[EXERCISE DETAILS] Output the listing word for word, minus pictures.

[SUPPLIED INFORMATION]

:::

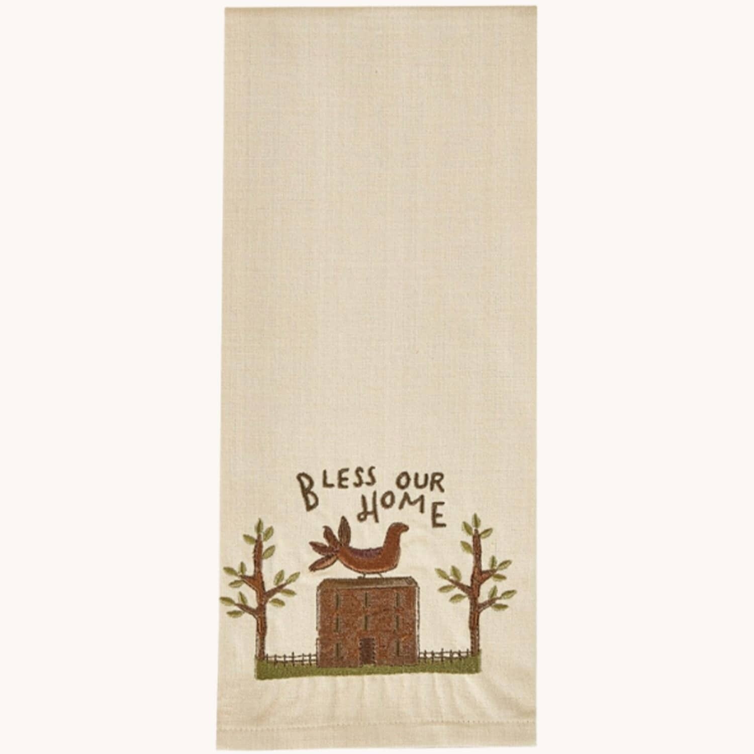 Simple Bless Our Home Design is a timeless addition to your home that can be used year round. Created with a Salt Box House, Bird and Trees.
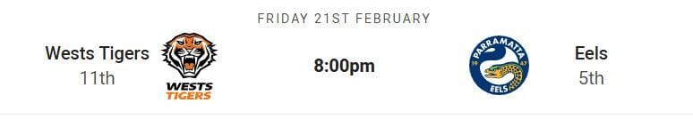 Home town favourites, the West Tigers tackle the Parramatta Eels at 8:00pm. I can already hear the roar 🐯
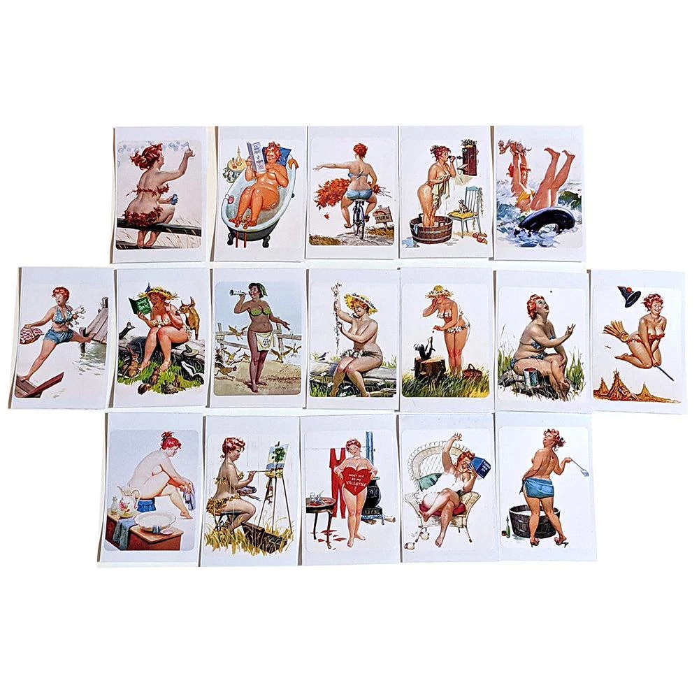 Meet Hilda, the cheeky curvy pin-up character who stole hearts and sold calendars in the ’50s & ’60s. This set contains 17 saucy pinup stickers – save your favorites and share the rest with friends, or keep them all for yourself! The stickers measure about 2.5″ tall by 2″ wide, and each set contains the 17 images shown below.
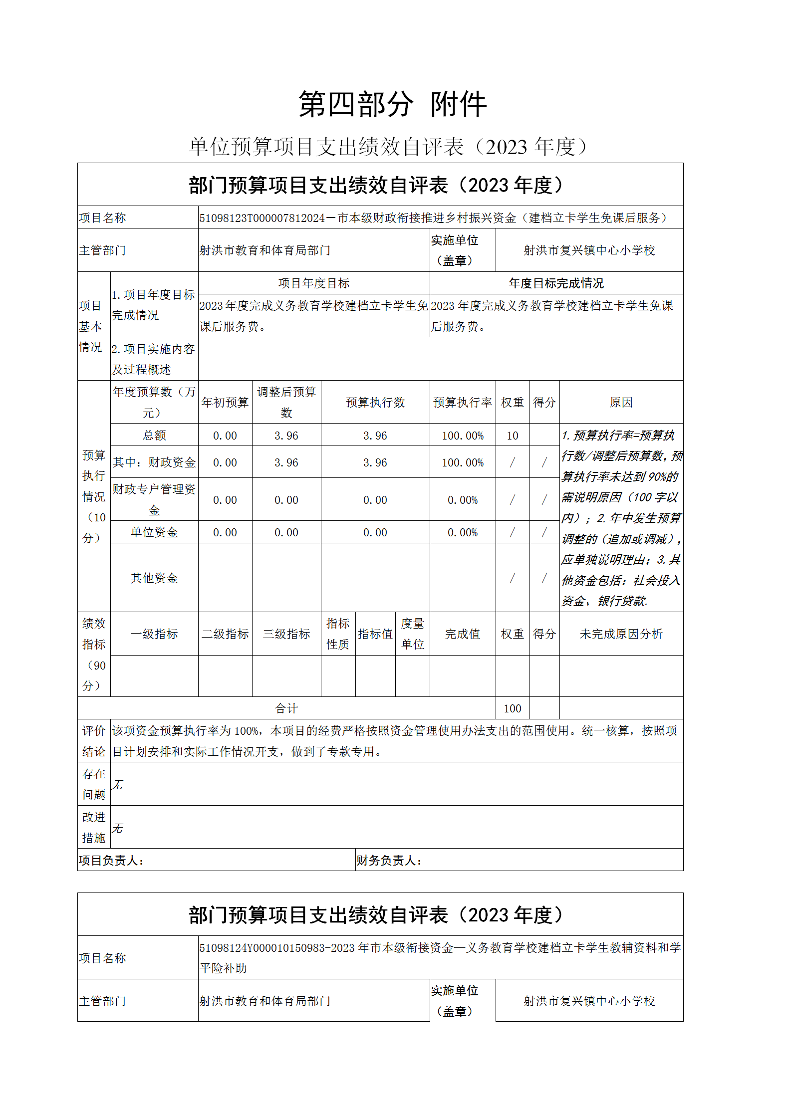 2023年度射洪市复兴镇中心小学校单位决算

:::

[PROBLEM SOLUTION]
 Simple Bless Our Home Design is a timeless addition to your home that can be used year round. Created with a Salt Box House, Bird and Trees.
 Home town favourites, the West Tigers tackle the Parramatta Eels at 8:00pm. I can already hear the roar 🐯
 Meet Hilda, the cheeky curvy pin-up character who stole hearts and sold calendars in the ’50s & ’60s. This set contains 17 saucy pinup stickers – save your favorites and share the rest with friends, or keep them all for yourself! The stickers measure about 2.5″ tall by 2″ wide, and each set contains the 17 images shown below.
 2023年度射洪市复兴镇中心小学校单位决算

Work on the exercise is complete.